──────── Source data ────────

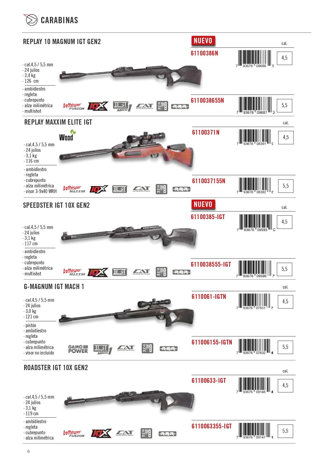 Carabinas ambidiestras con regleta reductora del retroceso, cubrepunto y alza milimétrica. Culata con absorción del retroceso (SWA) y gatillo de 2 tiempos (CAT) Replay 10 Magnum IGT Gen2 Cal. 4.5 y 5.5 mm. Con moderador de sonido Whisper fusion. Cargador horizontal de 10 disparos (10X GEN2). Cámara de 33 mm. Mayor velocidad, impacto y precisión. Replay Maxxim Elite IGT Cal. 4.5 y 5.5 mm. Culata de madera de haya con inserciones de goma. Sistema neumático de carga IGT. Realice 10 disparos sin tocar un balín; Incluye 2 cargadores. Cañón con sistema Whisper Maxxim de reducción de sonido. Visor 3-9X40WR con monturas altas incluido (1PMHM). Carrilera regulable en altura para perfecto acople. Speedster IGT 10X Gen 2 Cal. 4.5 y 5.5 mm. Con moderador de sonido Whisper maxxim. Cargador horizontal de 10 disparos (10X GEN2). Mayor precisión. G-Magnum IGT Mach 1 Carabina con sistema Gamo Power, cilindro de 33 mm. Pistón. Roadster IGT 10X Gen 2 Cal. 4.5 y 5.5 mm. Con moderador de sonido Whisper fusion. Cargador horizontal de 10 disparos (10X GEN2).
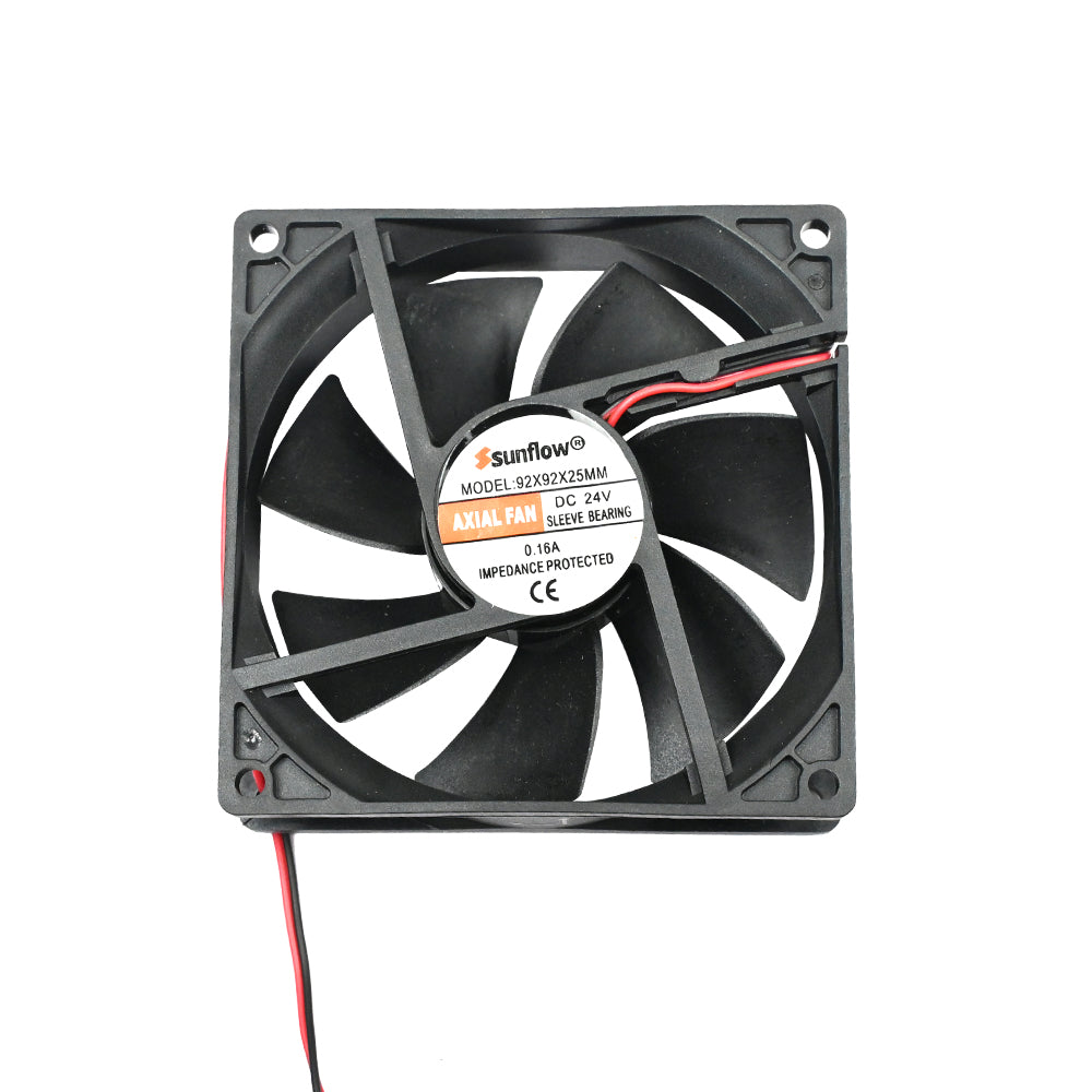 The Axial fan is powered by 24V DC and blows air parallel to the track of the blade axis or along the fan's axis. DC axial fans are used in a wide range of applications, including computing, servers, telecommunication cabinets, and any type of equipment where thermal control is required for improved reliability and life extension of the system's components. Uncontrolled heat generated by electronic devices not only reduces the performance of any system but can eventually lead to system failure. To avoid this trouble, it is critical that your equipment be designed with an efficient cooling system in mind. Axial fans are commonly used for cooling purposes and generate airflow parallel to the axis of the fan blades. These fans are designed to move air in a linear direction, providing effective ventilation. Sleeve bearings, also known as sleeve or plain bearings, are a type of bearing used in fans to reduce friction and provide smooth rotation. They typically consist of a sleeve made of a low-friction material, such as oil-impregnated bronze or nylon, which supports the fan's shaft.
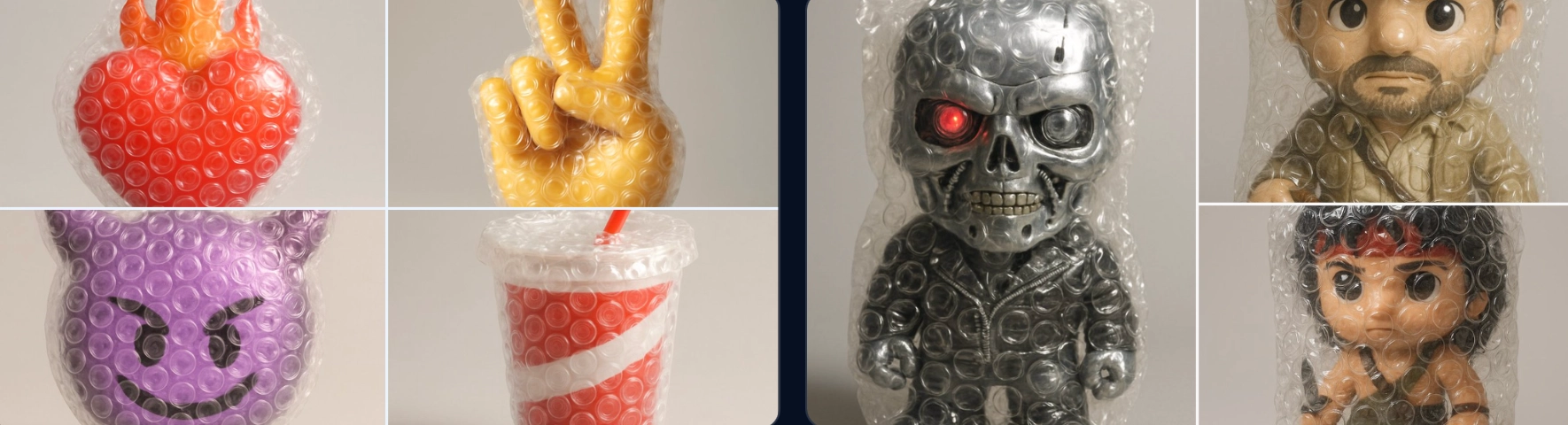 ], entirely wrapped in transparent bubble wrap. The plastic is tightly fitted, with clearly visible air-filled bubbles creating overlaid reflections and soft distortions of the emoji underneath. The wrap has a glossy, crinkled texture that catches the light in detailed highlights. Set against a soft, neutral grey background with subtle shadows. Studio lighting should emphasize the tactile quality of the bubble wrap and the surreal effect it creates. Whimsical, satisfying, and visually clean. 출처(Anima_labs)
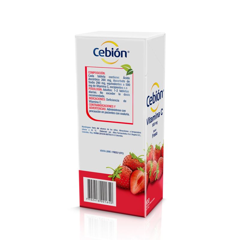 Mantén tus defensas activas con Cebion Fresa en su caja de 100 tabletas masticables. Su delicioso sabor a fresa las hace ideales para toda la familia, aportando la Vitamina C necesaria para el funcionamiento óptimo del sistema inmune y la salud de la piel.
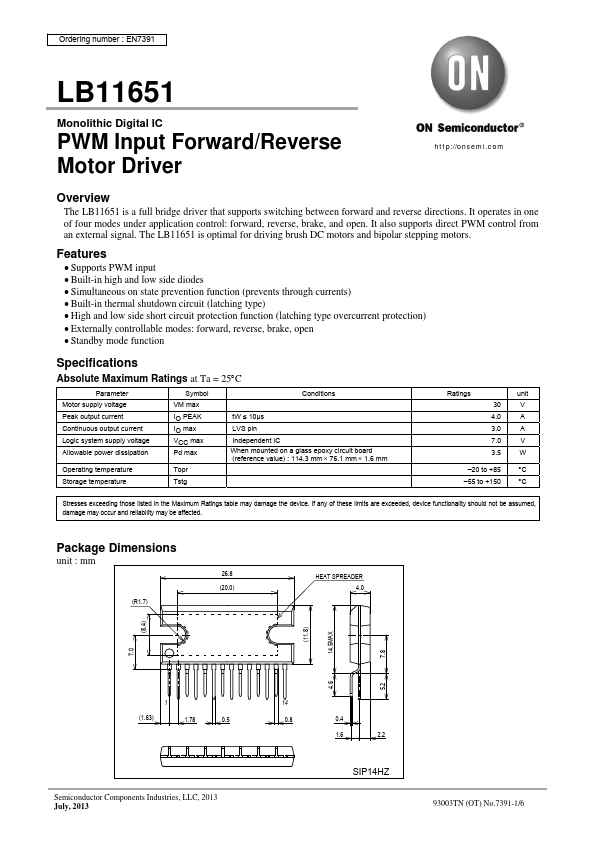 EN7391 LB11651 Monolithic Digital IC PWM Input Forward/Reverse Motor Driver http://onsemi. Overview The LB11651 is a full bridge driver that supports switching between forward and reverse directions. It operates in one of four modes under application control:.
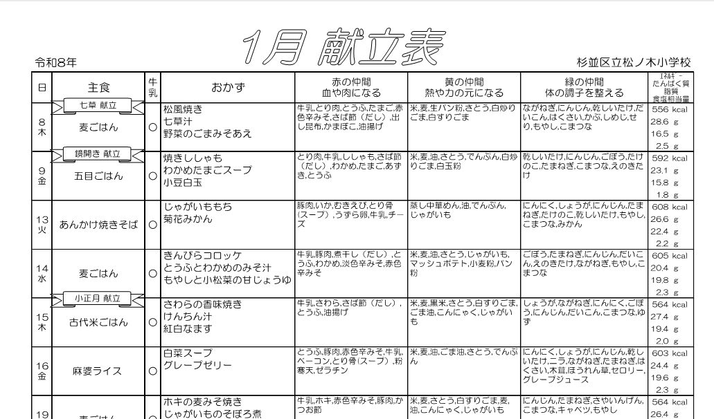 献立表(1月号)を掲載します。
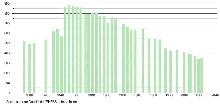 L'évolution du nombre d'habitants est connue à travers les recensements de la population effectués dans la commune depuis 1793. Pour les communes de moins de 10 000 habitants, une enquête de recensement portant sur toute la population est réalisée tous les cinq ans, les populations de référence des années intermédiaires étant quant à elles estimées par interpolation ou extrapolation[25]. Pour la commune, le premier recensement exhaustif entrant dans le cadre du nouveau dispositif a été réalisé en 2008[26].
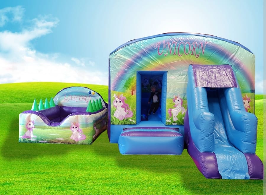 Make your event an unforgettable experience with our Unicorn Slide Castle and Air Juggler Ball Pool in Plymouth. Contact us today to book your magical bouncy castle hire service and let the fun begin!
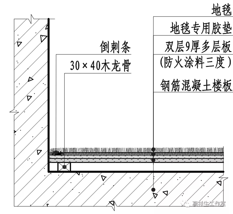 图 12-5-4 木龙骨基层地毯地面构造节点图
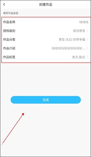 3、接着填写作品名称、类别、简介、标签等信息,之后点击完成按钮
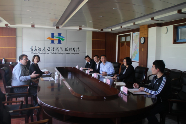 会谈中,于敏对老朋友的再次到访表示欢迎,他表示,学院非常重视与加拿大卡纳多学院间的合作,在之前专业共建、师生交流等基础上,学院将选派部分英语达标的专业教师赴加拿大进行专业教师海外培训,进一步打造学院的国际化师资队伍,为学院优质校建设打下坚实的基础。理查德对我院的热情接待表示感谢,他介绍了我院在加拿大留学的8名学生现状,1人将于今年6月顺利毕业,获得卡纳多学院烹饪管理专业的文凭证书,毕业后将留在加拿大继续工作,其他同学则全部通过了语言学习即将进入专业学习。理查德现场邀请2016年赴加留学生代表曲传广用英语汇报了自己近两年来的留学感想和经验。于敏对学生的留学成果表示了肯定,并表示将把这些经验与感想在学生间做好分享,起到示范效果。随后,双方就互建校中校事宜进行了深入探讨及实惠计划,两校将在烹饪专业合作的基础上,拓展更多的专业合作点,共同努力推动合作向纵深方向发展。
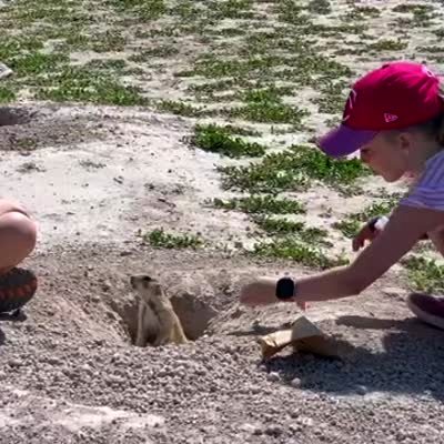 "Little Thief on the Prairie" A young girl and boy feed a prairie dog in a field, but it runs out of its hole and steals their bag of food.
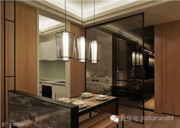 设计师借由不同材质的搭接,以铁件、玻璃、木皮、石材等多媒材的质感,丰富空间的层次,给予舒适、自然的体现。通过各个空间的不同材质的重叠使用,打造空间的多重样貌,创造出小户型空间的多重利用价值。
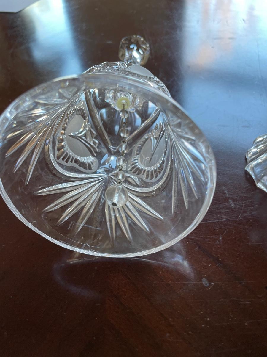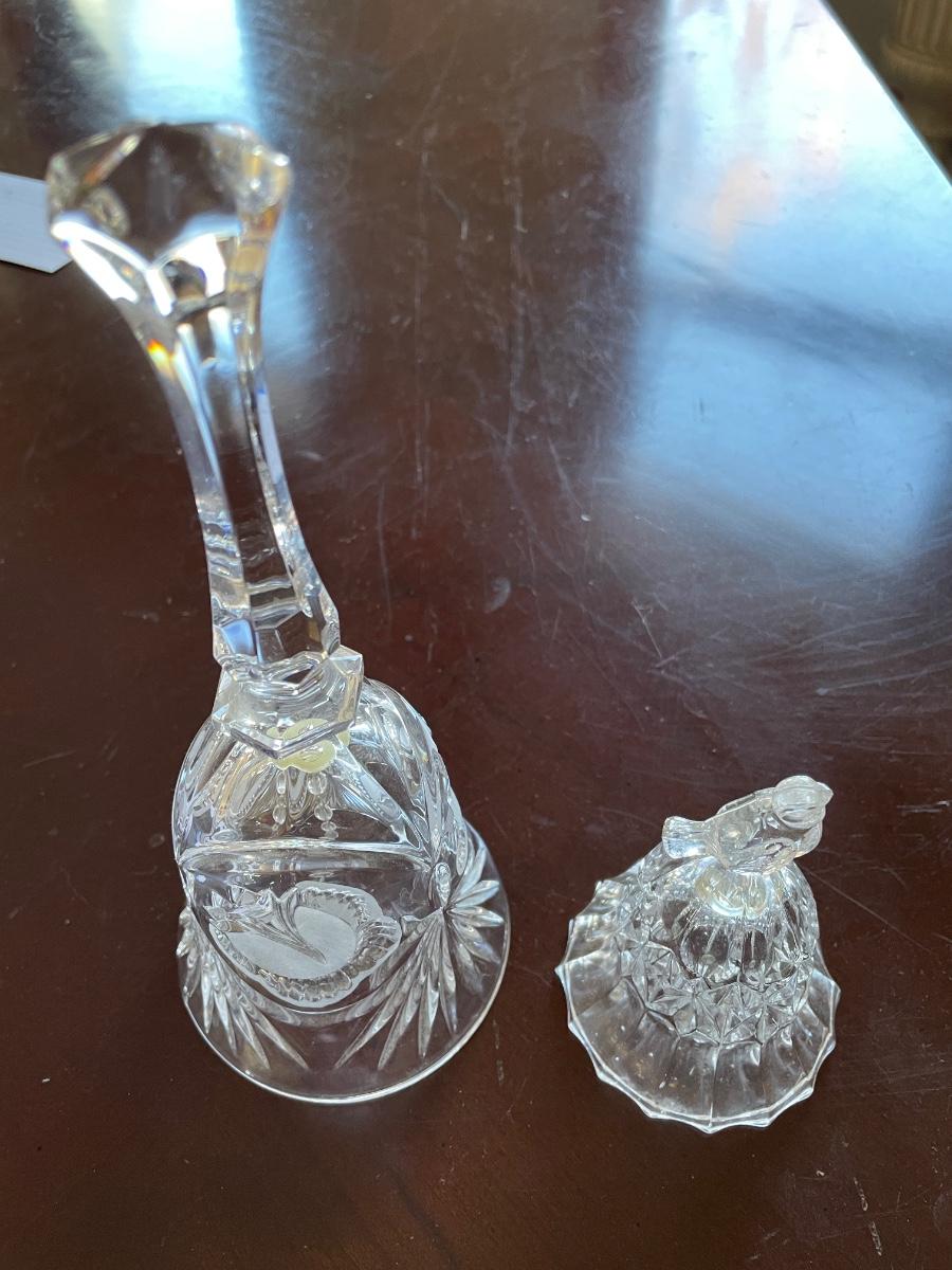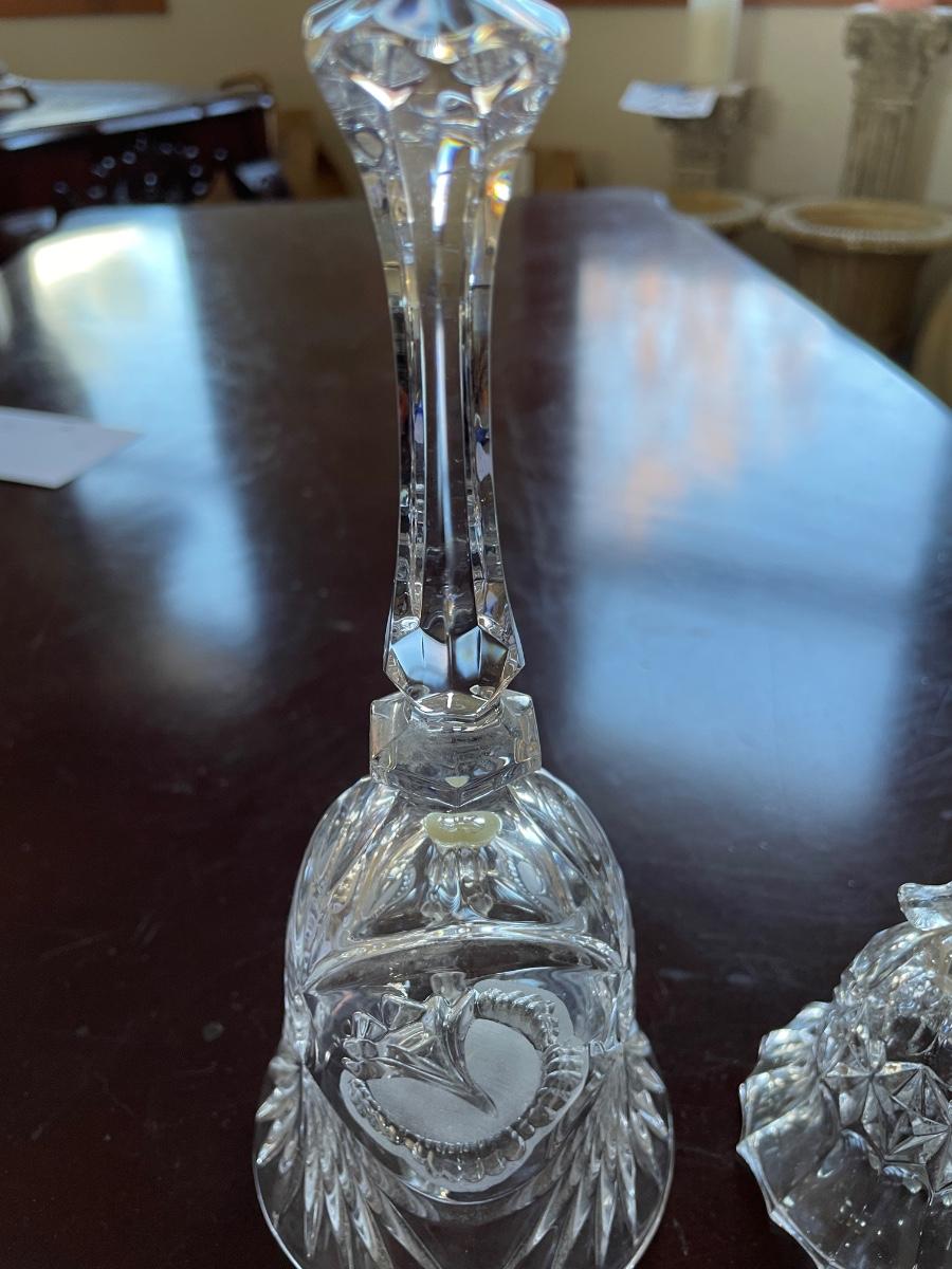 SMALL QUARTZ MANTEL CLOCK, ONE LARGE LEAD CRYSTAL BELL

────────

● **Exercise**:
Without changing a word, retype the data above and omit its pictures.

● **Output for this task**:
 Carabinas ambidiestras con regleta reductora del retroceso, cubrepunto y alza milimétrica. Culata con absorción del retroceso (SWA) y gatillo de 2 tiempos (CAT) Replay 10 Magnum IGT Gen2 Cal. 4.5 y 5.5 mm. Con moderador de sonido Whisper fusion. Cargador horizontal de 10 disparos (10X GEN2). Cámara de 33 mm. Mayor velocidad, impacto y precisión. Replay Maxxim Elite IGT Cal. 4.5 y 5.5 mm. Culata de madera de haya con inserciones de goma. Sistema neumático de carga IGT. Realice 10 disparos sin tocar un balín; Incluye 2 cargadores. Cañón con sistema Whisper Maxxim de reducción de sonido. Visor 3-9X40WR con monturas altas incluido (1PMHM). Carrilera regulable en altura para perfecto acople. Speedster IGT 10X Gen 2 Cal. 4.5 y 5.5 mm. Con moderador de sonido Whisper maxxim. Cargador horizontal de 10 disparos (10X GEN2). Mayor precisión. G-Magnum IGT Mach 1 Carabina con sistema Gamo Power, cilindro de 33 mm. Pistón. Roadster IGT 10X Gen 2 Cal. 4.5 y 5.5 mm. Con moderador de sonido Whisper fusion. Cargador horizontal de 10 disparos (10X GEN2).
 The Axial fan is powered by 24V DC and blows air parallel to the track of the blade axis or along the fan's axis. DC axial fans are used in a wide range of applications, including computing, servers, telecommunication cabinets, and any type of equipment where thermal control is required for improved reliability and life extension of the system's components. Uncontrolled heat generated by electronic devices not only reduces the performance of any system but can eventually lead to system failure. To avoid this trouble, it is critical that your equipment be designed with an efficient cooling system in mind. Axial fans are commonly used for cooling purposes and generate airflow parallel to the axis of the fan blades. These fans are designed to move air in a linear direction, providing effective ventilation. Sleeve bearings, also known as sleeve or plain bearings, are a type of bearing used in fans to reduce friction and provide smooth rotation. They typically consist of a sleeve made of a low-friction material, such as oil-impregnated bronze or nylon, which supports the fan's shaft.
 ], entirely wrapped in transparent bubble wrap. The plastic is tightly fitted, with clearly visible air-filled bubbles creating overlaid reflections and soft distortions of the emoji underneath. The wrap has a glossy, crinkled texture that catches the light in detailed highlights. Set against a soft, neutral grey background with subtle shadows. Studio lighting should emphasize the tactile quality of the bubble wrap and the surreal effect it creates. Whimsical, satisfying, and visually clean. 출처(Anima_labs)
 Mantén tus defensas activas con Cebion Fresa en su caja de 100 tabletas masticables. Su delicioso sabor a fresa las hace ideales para toda la familia, aportando la Vitamina C necesaria para el funcionamiento óptimo del sistema inmune y la salud de la piel.
 EN7391 LB11651 Monolithic Digital IC PWM Input Forward/Reverse Motor Driver http://onsemi. Overview The LB11651 is a full bridge driver that supports switching between forward and reverse directions. It operates in one of four modes under application control:.
 献立表(1月号)を掲載します。
 L'évolution du nombre d'habitants est connue à travers les recensements de la population effectués dans la commune depuis 1793. Pour les communes de moins de 10 000 habitants, une enquête de recensement portant sur toute la population est réalisée tous les cinq ans, les populations de référence des années intermédiaires étant quant à elles estimées par interpolation ou extrapolation[25]. Pour la commune, le premier recensement exhaustif entrant dans le cadre du nouveau dispositif a été réalisé en 2008[26].
 Make your event an unforgettable experience with our Unicorn Slide Castle and Air Juggler Ball Pool in Plymouth. Contact us today to book your magical bouncy castle hire service and let the fun begin!
 图 12-5-4 木龙骨基层地毯地面构造节点图
 3、接着填写作品名称、类别、简介、标签等信息,之后点击完成按钮
 会谈中,于敏对老朋友的再次到访表示欢迎,他表示,学院非常重视与加拿大卡纳多学院间的合作,在之前专业共建、师生交流等基础上,学院将选派部分英语达标的专业教师赴加拿大进行专业教师海外培训,进一步打造学院的国际化师资队伍,为学院优质校建设打下坚实的基础。理查德对我院的热情接待表示感谢,他介绍了我院在加拿大留学的8名学生现状,1人将于今年6月顺利毕业,获得卡纳多学院烹饪管理专业的文凭证书,毕业后将留在加拿大继续工作,其他同学则全部通过了语言学习即将进入专业学习。理查德现场邀请2016年赴加留学生代表曲传广用英语汇报了自己近两年来的留学感想和经验。于敏对学生的留学成果表示了肯定,并表示将把这些经验与感想在学生间做好分享,起到示范效果。随后,双方就互建校中校事宜进行了深入探讨及实惠计划,两校将在烹饪专业合作的基础上,拓展更多的专业合作点,共同努力推动合作向纵深方向发展。
 "Little Thief on the Prairie" A young girl and boy feed a prairie dog in a field, but it runs out of its hole and steals their bag of food.
 设计师借由不同材质的搭接,以铁件、玻璃、木皮、石材等多媒材的质感,丰富空间的层次,给予舒适、自然的体现。通过各个空间的不同材质的重叠使用,打造空间的多重样貌,创造出小户型空间的多重利用价值。
 SMALL QUARTZ MANTEL CLOCK, ONE LARGE LEAD CRYSTAL BELL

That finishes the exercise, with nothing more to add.